On February 10, 2021, the Jerusalem District Court1 upheld an October 2020 Jerusalem Magistrate Court2 decision, requiring a number of Sheikh Jarrah residents to vacate properties they are living in by May 2, 2021. Following this decision, the residents appealed to the Supreme Court. The Court has given the two sides until May 6, to report if they have reached a compromise to settle out of court.

These developments have been the source of extensive NGO campaigning- particularly by the Palestinian group, Al-Haq- including submissions to the International Criminal Court (ICC) and to UN officials, alleging that the court order and the expected forcible removal represent war crimes.

Such claims and campaigns distort, obfuscate, and erase the facts of the case, as litigated over 50 years in multiple Israeli courts.

Legal status of the property3

  • According to the Supreme Court, the land in question “was owned by Chief Rabbi (Hacham Bashi) Avraham Ashkenazi and Chief Rabbi Meir Orbach until the War of Independence [1948], after they purchased it in 1875 from its Arab owners.”
  • Subsequently, two Jewish organizations, Va’ad Eidat HaSfaradim and Va’ad HaKlali L’Knesset Yisrael, worked to register the land with British Mandatory government in 1946.
  • The properties were registered with Israeli authorities under these two organizations in 1973.
  • These organizations sold the properties to the Nahalat Shimon organization in 2003.

Status of the residents

According to a 1989 High Court decision, and re-affirmed repeatedly in subsequent cases, as in the case of any tenant living on someone else’s property, residents living on the land owned by these organizations were required to pay rent to the organizations that owned the properties.4 Their failure to do so, along with instances of illegal building and illegally renting properties to others, resulted in the current legal proceedings against them, culminating in the District Court decision.

Crucially, in 1982, a number of residents- including those whose descendants appealed to the District Court- agreed in Magistrate Court that the 2 Israeli non-profits were the legal land owners.5

How did the District Court address the current residents’ claims of ownership?

The District Court case addressed the ownership claims of the eight appellants.

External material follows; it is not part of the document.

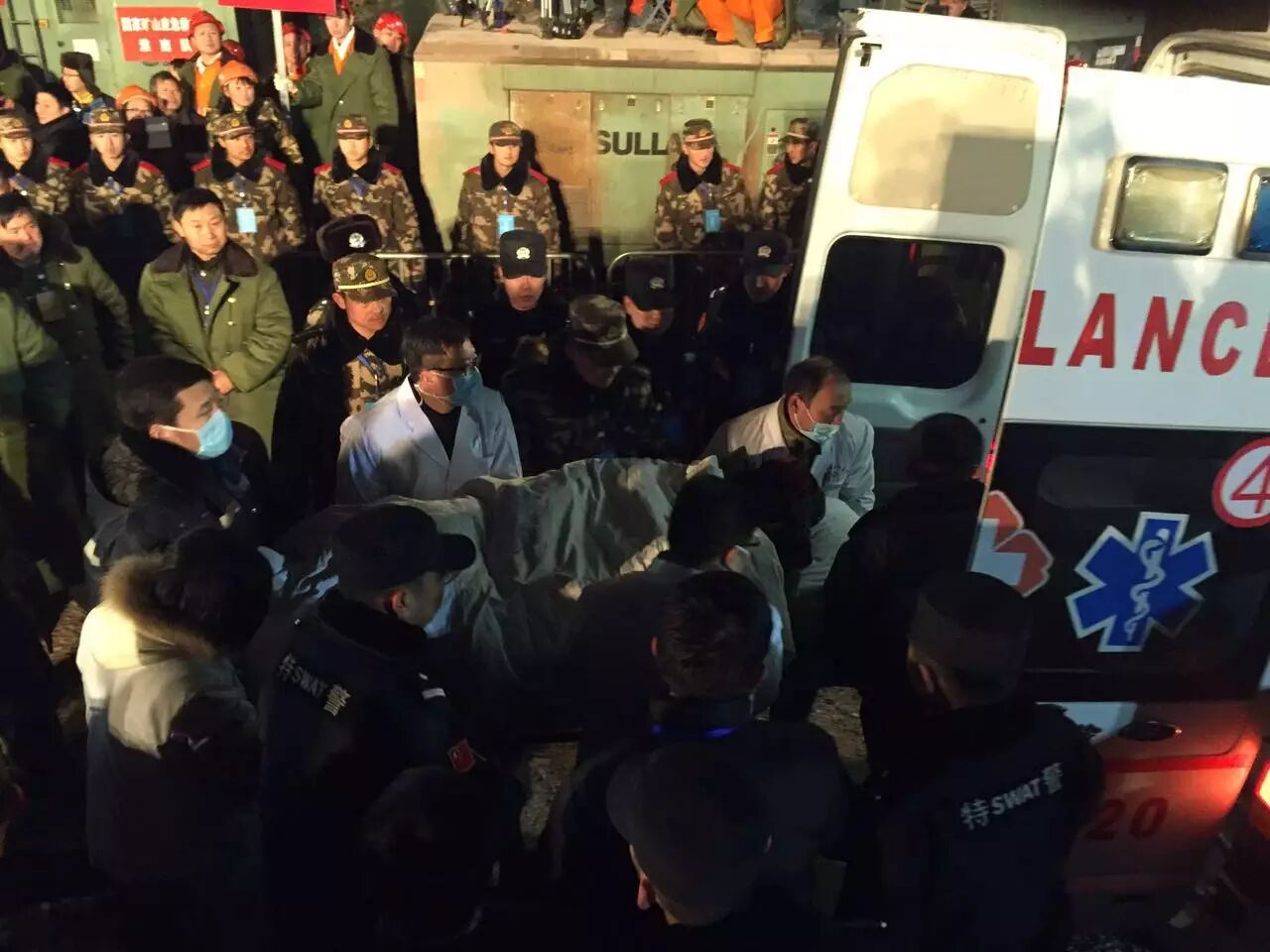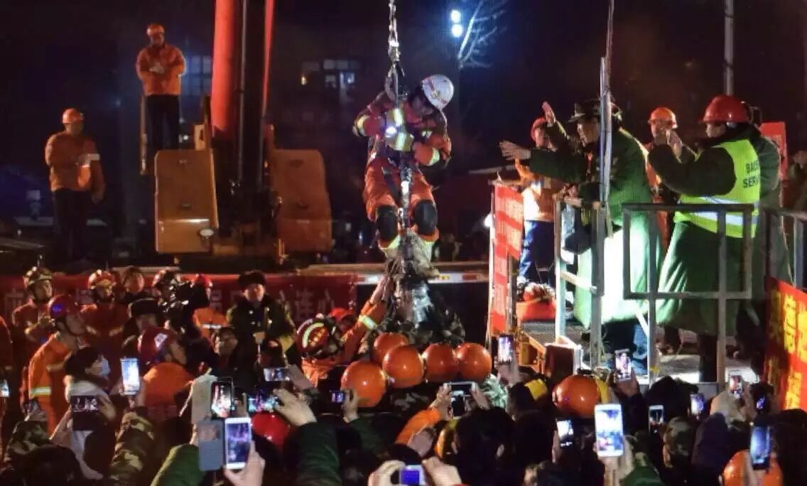 1月29日晚,救生通道再次被疏通,等待已久的救援队员们放下了救生吊带。21时21分,起重机将首名矿工提出地面,救援人员紧急将他送往医院。此后,每隔半个小时,就有一名矿工升井。第四名矿工升井时已经是22时50分,距离事故发生已经过去36天。4名矿工在井下的坚持与等待,终于换来新生!至此,平邑县玉荣石膏矿坍塌事故中被困的29名矿工中,获救人数上升到15人。
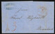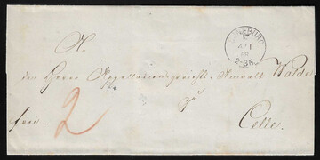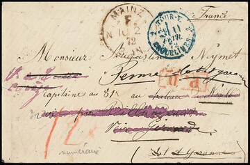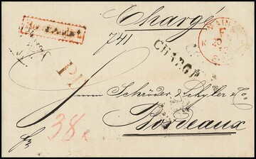 "Mainz F.N.1", roter Franko-K1 auf Brief 1867 nach Cöln, sowie teils etwas schwach auf Recobrief 1870 nach Bordeaux (Taxe "38x", im Hb. abgebildet)

The court found that:

  • Three of the appellants are the children and grandchildren of residents who acknowledged the ownership of the Israeli organizations in court proceedings in 1982.
  • Four of the appellants claim to have purchased the properties in 1991— 19 years after the properties were registered under the Israeli groups — from a man named “Ismail.” The court notes that the appellants never identified “Ismail,” nor did they prove that they had indeed purchased the properties from this person.
  • One appellant represents the estate of a deceased former resident. In 2009, the Court determined that she had not paid rent as required, had built illegally on the property, and therefore could be evicted.

Previous court decisions on the ownership of the property

In October 2020, the Magistrate Court rejected the residents’ claim that the property had been promised to them by the Jordanian authorities, during the years in which Jordan controlled the area. According to that decision, “all of the witnesses were born after 1967 or were very young at the time and testified that they heard about the [Jordanian] promise from an older relative.”

The court added that “the only document presented” to prove this alleged Jordanian guarantee “is a copy of a standard document from the Jordanian equivalent of the Housing Ministry, but this form is un-signed and does not bestow ownership on any of the defendants.”

Similarly, earlier Supreme Court decisions rejected ownership claims of Sheikh Jarrah residents based on what the court found to be an apparently altered Turkish deed and an “inauthentic” contract.6

Moreover, in 2020, the Magistrate Court noted, “throughout all of the deliberations, the defendants claimed through their counsel that they were not tenants but rather held the property rights…  Apparently, as they realized that they had not convinced the Court that they were the owners of the property, the defendants claimed for the first time that they are tenants who should not be removed from their homes.”